Hark registers as a system-level digital assistant via Android's
VoiceInteractionService framework. When the user long-presses Home (or uses
the device's assistant gesture), Android launches Hark and auto-starts listening.
Android validates all of these before allowing an app to be selected as the default assistant:
| Component | File | Purpose |
|---|---|---|
HarkVoiceInteractionService |
Kotlin | Background service Android binds to. Must declare BIND_VOICE_INTERACTION permission. |
HarkSessionService |
Kotlin | Creates HarkSession instances when assistant is invoked. |
HarkSession |
Kotlin | onShow() launches MainActivity with EXTRA_LAUNCHED_FROM_ASSIST. |
HarkRecognitionService |
Kotlin | Stub RecognitionService — required by Android to qualify as assistant. Actual STT handled by Flutter's speech_to_text. |
voice_interaction_service.xml |
res/xml/ |
Metadata referencing sessionService, recognitionService, and supportsAssist="true". |
ACTION_ASSIST intent filter |
Manifest | On MainActivity — required for assistant role qualification. |
ACTION_VOICE_ASSIST intent filter |
Manifest | On MainActivity — used by some devices for voice-specific activation. |
On Android 10+ (API 29), Hark uses RoleManager to request ROLE_ASSISTANT
on first launch. If the role isn't held, a system dialog prompts the user.

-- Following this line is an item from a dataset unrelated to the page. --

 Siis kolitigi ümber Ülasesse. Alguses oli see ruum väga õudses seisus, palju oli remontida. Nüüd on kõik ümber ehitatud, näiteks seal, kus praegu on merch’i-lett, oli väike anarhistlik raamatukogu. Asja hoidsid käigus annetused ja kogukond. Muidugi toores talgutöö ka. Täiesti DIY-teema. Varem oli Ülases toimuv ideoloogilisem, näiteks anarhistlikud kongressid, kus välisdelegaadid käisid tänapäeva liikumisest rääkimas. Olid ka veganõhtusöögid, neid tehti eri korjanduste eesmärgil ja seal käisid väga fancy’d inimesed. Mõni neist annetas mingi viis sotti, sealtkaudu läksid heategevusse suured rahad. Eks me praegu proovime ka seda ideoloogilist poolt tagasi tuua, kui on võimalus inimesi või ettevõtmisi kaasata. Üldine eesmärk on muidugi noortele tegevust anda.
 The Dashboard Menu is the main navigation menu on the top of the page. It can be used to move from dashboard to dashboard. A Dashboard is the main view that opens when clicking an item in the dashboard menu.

A banner in the Flutter UI also links to android.settings.VOICE_INPUT_SETTINGS
for manual configuration.
When launched via the assistant gesture, Hark enters continuous listening mode: the mic auto-restarts after each command completes and TTS finishes speaking. Tapping the mic button exits continuous mode.

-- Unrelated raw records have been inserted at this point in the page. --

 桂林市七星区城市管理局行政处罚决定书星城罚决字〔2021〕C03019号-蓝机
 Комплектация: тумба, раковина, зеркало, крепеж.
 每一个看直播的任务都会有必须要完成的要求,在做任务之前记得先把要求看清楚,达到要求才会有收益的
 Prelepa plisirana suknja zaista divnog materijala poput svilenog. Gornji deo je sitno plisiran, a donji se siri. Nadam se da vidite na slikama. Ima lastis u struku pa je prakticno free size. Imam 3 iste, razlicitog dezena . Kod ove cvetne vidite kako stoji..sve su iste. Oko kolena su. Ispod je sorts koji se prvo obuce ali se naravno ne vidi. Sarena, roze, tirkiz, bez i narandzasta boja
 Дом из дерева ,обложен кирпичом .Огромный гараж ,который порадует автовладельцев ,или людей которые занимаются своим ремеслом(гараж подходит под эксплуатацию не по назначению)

| Claude | ChatGPT | Google Assistant | |
|---|---|---|---|
| ASSIST Activity | AssistantOverlayActivity (dedicated overlay) |
AssistantProxyActivity → AssistantActivity |
System-integrated |
| VoiceInteractionService | ClaudeVoiceInteractionService |
AssistantVoiceInteractionService |
GsaVoiceInteractionService |
| RecognitionService | ClaudeRecognitionService |
None | GoogleRecognitionService |
| VOICE_ASSIST | Yes | No | N/A |
Claude and ChatGPT both use a dedicated overlay/proxy Activity (separate from their main chat UI) to show a lightweight assistant panel on top of the current app. Hark currently launches its full MainActivity — a future improvement would be a dedicated lightweight overlay Activity for a more assistant-like experience.